For RVV, it is more complicated than that...
For RVV, we will emit vsetvli instruction first for len_load/len_store.
For example for case 1:
loop:
min a5, a4,16
vsetvli zero, a5...
load.
add.
store
a4 = a4 - a5...
Since we have min a5,a4,16 which will make the length always <= vf.
So it works fine for RVV.
However, if we do something like this (according to undefine behavior of len_load/len_store):
loop:
min a5, a4,16
vsetvli zero, a4...
load.
add.
store
a4 = a4 - a5...
Notice there is different here:
vsetvli zero, a4..., here we use "a4" instead of "a5", this will create an issue here:
Since according to RVV ISA, for vsetvli instruction:
vsetvli zero, a4..., if a4 <= vf, then, the length = vf
if vf < a4 <= 2 *vf, it will make length any value between [a4/2, vf] depending on the hardward design.
Since our current data reference pointer IV is added by VF (in bytes) by default.
Then it will be an issue.
So, may be for case 2 like your said, we should not involve undefine behavior into len_load/len_store,
instead, we should well handle loop control by add "MIN (16)" ?
Thanks.
juzhe.zhong@rivai.ai
From: Richard Sandiford
Date: 2023-05-16 14:57
To: juzhe.zhong\@rivai.ai
CC: gcc-patches; rguenther
Subject: Re: [PATCH V7] VECT: Add decrement IV support in Loop Vectorizer
"juzhe.zhong@rivai.ai" <juzhe.zhong@rivai.ai> writes:
>>> The examples are good, but this one made me wonder: why is the
>>> adjustment made to the limit (namely 16, the gap between _39 and _41)
>>> different from the limits imposed by the MIN_EXPR (32)?

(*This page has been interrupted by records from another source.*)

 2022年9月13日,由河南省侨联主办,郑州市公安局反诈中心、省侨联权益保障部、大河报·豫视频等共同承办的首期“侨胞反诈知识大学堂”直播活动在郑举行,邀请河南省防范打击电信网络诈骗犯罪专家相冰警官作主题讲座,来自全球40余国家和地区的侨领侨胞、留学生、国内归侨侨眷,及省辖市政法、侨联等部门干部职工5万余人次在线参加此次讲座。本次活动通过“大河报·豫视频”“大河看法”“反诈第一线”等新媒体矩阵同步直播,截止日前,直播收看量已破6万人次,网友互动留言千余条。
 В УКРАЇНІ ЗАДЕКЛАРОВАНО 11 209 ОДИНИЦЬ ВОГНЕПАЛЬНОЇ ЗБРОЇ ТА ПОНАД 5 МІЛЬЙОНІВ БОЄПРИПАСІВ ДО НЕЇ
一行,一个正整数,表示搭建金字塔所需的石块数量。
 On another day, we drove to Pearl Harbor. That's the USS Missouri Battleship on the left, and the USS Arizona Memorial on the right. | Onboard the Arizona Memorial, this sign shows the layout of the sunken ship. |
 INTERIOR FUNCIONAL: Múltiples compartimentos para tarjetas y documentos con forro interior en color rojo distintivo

And I think
>>> the answer is that:
>
>>> - _47 counts the number of elements processed by the loop in total,
>>> including the vectors under the control of _44
>
>>> - _44 counts the number of elements controlled by _47 in the next
>>> iteration of the vector loop (if there is one)
>
>>> And that's needed to allow the IVs to be updated independently.
>
>>> The difficulty with this is that the len_load* and len_store*
>>> optabs currently say that the behaviour is undefined if the
>>> length argument is greater than the length of a vector.
>>> So I think using these values of _47 and _44 in the .LEN_STOREs
>>> is relying on undefined behaviour.
>
>>> Haven't had time to think about the consequences of that yet,
>>> but wanted to send something out sooner rather than later.
>
> Hi, Richard. I totally understand your concern now. I think the undefine behavior is more
> appropriate for RVV since we have vsetvli instruction that gurantee this will cause potential
> issues. However, for some other target, we may need to use additional MIN_EXPR to guard
> the length never over VF. I think it can be addressed in the future when it is needed.

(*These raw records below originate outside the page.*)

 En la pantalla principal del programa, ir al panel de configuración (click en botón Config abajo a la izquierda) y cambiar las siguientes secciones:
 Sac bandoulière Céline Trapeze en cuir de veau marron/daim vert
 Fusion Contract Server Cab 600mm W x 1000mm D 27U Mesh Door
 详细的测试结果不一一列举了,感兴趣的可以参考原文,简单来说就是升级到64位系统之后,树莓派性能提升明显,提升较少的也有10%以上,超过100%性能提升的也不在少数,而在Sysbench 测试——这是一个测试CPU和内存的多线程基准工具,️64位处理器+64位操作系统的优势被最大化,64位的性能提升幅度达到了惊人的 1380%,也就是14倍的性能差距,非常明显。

But we can't generate (vector) gimple that has undefined behaviour from
(scalar) gimple that had defined behaviour. So something needs to change.

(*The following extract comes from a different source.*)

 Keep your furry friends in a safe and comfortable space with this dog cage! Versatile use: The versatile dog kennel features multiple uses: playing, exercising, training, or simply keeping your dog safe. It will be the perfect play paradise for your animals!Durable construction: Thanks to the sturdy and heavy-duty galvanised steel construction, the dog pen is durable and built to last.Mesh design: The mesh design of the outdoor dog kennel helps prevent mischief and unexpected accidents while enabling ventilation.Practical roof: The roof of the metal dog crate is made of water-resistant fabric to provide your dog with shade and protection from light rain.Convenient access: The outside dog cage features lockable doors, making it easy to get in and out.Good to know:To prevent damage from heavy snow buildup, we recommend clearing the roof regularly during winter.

Either we need to generate a different sequence, or we need to define
what the behaviour of len_load/store/etc. are when the length is out of
range (perhaps under a target hook?).
We also need to be consistent. If case 2 is allowed to use length
parameters that are greater than the vector length, then there's no
reason for case 1 to use the result of the MIN_EXPR as the length
parameter. It could just use the loop IV directly. (I realise the
select_vl patch will change case 1 for RVV anyway. But the principle
still holds.)
What does the riscv backend's implementation of the len_load and
len_store guarantee? Is any length greater than the vector length
capped to the vector length? Or is it more complicated than that?
Thanks,
Richard
Hi, Richard.
For case 2, I come up with this idea:
+ Case 2 (SLP multiple rgroup):
+ ...
+ _38 = (unsigned long) n_12(D);
+ _39 = _38 * 2;
+ _40 = MAX_EXPR <_39, 16>;
+ _41 = _40 - 16;
+ ...
+ # ivtmp_42 = PHI <ivtmp_43(4), _41(3)>
+ # ivtmp_45 = PHI <ivtmp_46(4), _39(3)>
+ ...
+ _44 = MIN_EXPR <ivtmp_42, 32>;
+ _47 = MIN_EXPR <ivtmp_45, 32>;+ _47_2 = MIN_EXPR <_47, 16>; -------->add+ _47_3 = _47 - _47_2 ; --------> add
+ ...
+ .LEN_STORE (_6, 8B, _47_2, ...);
+ ...
+ .LEN_STORE (_25, 8B, _47_3, ...);
+ _33 = _47_2 / 2;
+ ...
+ .LEN_STORE (_8, 16B, _33, ...);
+ _36 = _47_3 / 2;
+ ...
+ .LEN_STORE (_15, 16B, _36, ...);
+ ivtmp_46 = ivtmp_45 - _47;
+ ivtmp_43 = ivtmp_42 - _44;
+ ...
+ if (ivtmp_46 != 0)
+ goto <bb 4>; [83.33%]
+ else
+ goto <bb 5>; [16.67%]
Is it reasonable ? Or you do have better idea for it?
Thanks.
juzhe.zhong@rivai.ai
From: Richard Sandiford
Date: 2023-05-16 14:57
To: juzhe.zhong\@rivai.ai
CC: gcc-patches; rguenther
Subject: Re: [PATCH V7] VECT: Add decrement IV support in Loop Vectorizer
"juzhe.zhong@rivai.ai" <juzhe.zhong@rivai.ai> writes:
>>> The examples are good, but this one made me wonder: why is the
>>> adjustment made to the limit (namely 16, the gap between _39 and _41)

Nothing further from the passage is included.